*To do*:
Nothing outside the range below should be printed. Output exactly the lines from the line with "- 口语:在日常对话中,提到五台山可能意味着谈论**信仰、旅游经历或历史文化。" to the line with "Students learn to", both included.

*** Opening Extracted entries ***

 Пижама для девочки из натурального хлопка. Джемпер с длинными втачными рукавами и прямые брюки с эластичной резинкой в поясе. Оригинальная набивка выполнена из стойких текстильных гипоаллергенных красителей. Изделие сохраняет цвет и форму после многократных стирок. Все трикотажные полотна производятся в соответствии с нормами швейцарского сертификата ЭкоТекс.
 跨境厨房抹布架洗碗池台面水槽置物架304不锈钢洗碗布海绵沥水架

*** Closing Extracted entries ***
*** Opening Extracted entries ***

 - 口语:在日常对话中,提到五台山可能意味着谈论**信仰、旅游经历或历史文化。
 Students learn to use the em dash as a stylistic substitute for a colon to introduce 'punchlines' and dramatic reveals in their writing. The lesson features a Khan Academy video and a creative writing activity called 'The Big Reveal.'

*** Closing Extracted entries ***

*Answer space*:
 - 口语:在日常对话中,提到五台山可能意味着谈论**信仰、旅游经历或历史文化。
 Students learn to use the em dash as a stylistic substitute for a colon to introduce 'punchlines' and dramatic reveals in their writing. The lesson features a Khan Academy video and a creative writing activity called 'The Big Reveal.'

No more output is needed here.